*Your instructions*. Reproduce all records verbatim.

[Dataset records]
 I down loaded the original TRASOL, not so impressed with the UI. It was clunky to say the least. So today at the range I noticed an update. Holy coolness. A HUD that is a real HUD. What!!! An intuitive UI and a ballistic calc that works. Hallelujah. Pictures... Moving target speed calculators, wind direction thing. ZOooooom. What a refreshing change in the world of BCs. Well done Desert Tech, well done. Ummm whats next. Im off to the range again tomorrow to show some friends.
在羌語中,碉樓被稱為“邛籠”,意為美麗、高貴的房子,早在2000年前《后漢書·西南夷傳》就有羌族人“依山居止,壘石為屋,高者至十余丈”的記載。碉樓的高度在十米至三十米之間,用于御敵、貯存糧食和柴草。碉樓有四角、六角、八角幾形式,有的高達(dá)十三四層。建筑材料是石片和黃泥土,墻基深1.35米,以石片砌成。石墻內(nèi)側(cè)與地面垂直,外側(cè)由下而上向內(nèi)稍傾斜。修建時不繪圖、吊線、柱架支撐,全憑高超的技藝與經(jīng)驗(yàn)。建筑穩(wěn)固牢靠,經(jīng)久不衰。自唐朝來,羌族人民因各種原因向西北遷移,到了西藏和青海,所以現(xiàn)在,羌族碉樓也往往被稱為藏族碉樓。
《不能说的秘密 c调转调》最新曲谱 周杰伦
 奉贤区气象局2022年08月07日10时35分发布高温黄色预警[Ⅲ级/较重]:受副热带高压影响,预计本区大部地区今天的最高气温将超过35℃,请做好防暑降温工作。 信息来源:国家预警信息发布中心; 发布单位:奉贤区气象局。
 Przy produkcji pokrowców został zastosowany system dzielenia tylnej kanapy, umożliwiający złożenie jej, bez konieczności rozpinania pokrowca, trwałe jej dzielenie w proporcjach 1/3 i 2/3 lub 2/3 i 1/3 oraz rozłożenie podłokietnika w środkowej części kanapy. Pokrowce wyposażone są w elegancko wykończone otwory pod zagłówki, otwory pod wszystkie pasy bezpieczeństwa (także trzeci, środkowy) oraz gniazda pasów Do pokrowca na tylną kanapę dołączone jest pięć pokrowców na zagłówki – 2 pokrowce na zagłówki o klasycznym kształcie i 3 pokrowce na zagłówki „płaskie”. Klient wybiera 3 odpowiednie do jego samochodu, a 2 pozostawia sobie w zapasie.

*Answer space*.
 I down loaded the original TRASOL, not so impressed with the UI. It was clunky to say the least. So today at the range I noticed an update. Holy coolness. A HUD that is a real HUD. What!!! An intuitive UI and a ballistic calc that works. Hallelujah. Pictures... Moving target speed calculators, wind direction thing. ZOooooom. What a refreshing change in the world of BCs. Well done Desert Tech, well done. Ummm whats next. Im off to the range again tomorrow to show some friends.
在羌語中,碉樓被稱為“邛籠”,意為美麗、高貴的房子,早在2000年前《后漢書·西南夷傳》就有羌族人“依山居止,壘石為屋,高者至十余丈”的記載。碉樓的高度在十米至三十米之間,用于御敵、貯存糧食和柴草。碉樓有四角、六角、八角幾形式,有的高達(dá)十三四層。建筑材料是石片和黃泥土,墻基深1.35米,以石片砌成。石墻內(nèi)側(cè)與地面垂直,外側(cè)由下而上向內(nèi)稍傾斜。修建時不繪圖、吊線、柱架支撐,全憑高超的技藝與經(jīng)驗(yàn)。建筑穩(wěn)固牢靠,經(jīng)久不衰。自唐朝來,羌族人民因各種原因向西北遷移,到了西藏和青海,所以現(xiàn)在,羌族碉樓也往往被稱為藏族碉樓。
《不能说的秘密 c调转调》最新曲谱 周杰伦
 奉贤区气象局2022年08月07日10时35分发布高温黄色预警[Ⅲ级/较重]:受副热带高压影响,预计本区大部地区今天的最高气温将超过35℃,请做好防暑降温工作。 信息来源:国家预警信息发布中心; 发布单位:奉贤区气象局。
 Przy produkcji pokrowców został zastosowany system dzielenia tylnej kanapy, umożliwiający złożenie jej, bez konieczności rozpinania pokrowca, trwałe jej dzielenie w proporcjach 1/3 i 2/3 lub 2/3 i 1/3 oraz rozłożenie podłokietnika w środkowej części kanapy. Pokrowce wyposażone są w elegancko wykończone otwory pod zagłówki, otwory pod wszystkie pasy bezpieczeństwa (także trzeci, środkowy) oraz gniazda pasów Do pokrowca na tylną kanapę dołączone jest pięć pokrowców na zagłówki – 2 pokrowce na zagłówki o klasycznym kształcie i 3 pokrowce na zagłówki „płaskie”. Klient wybiera 3 odpowiednie do jego samochodu, a 2 pozostawia sobie w zapasie.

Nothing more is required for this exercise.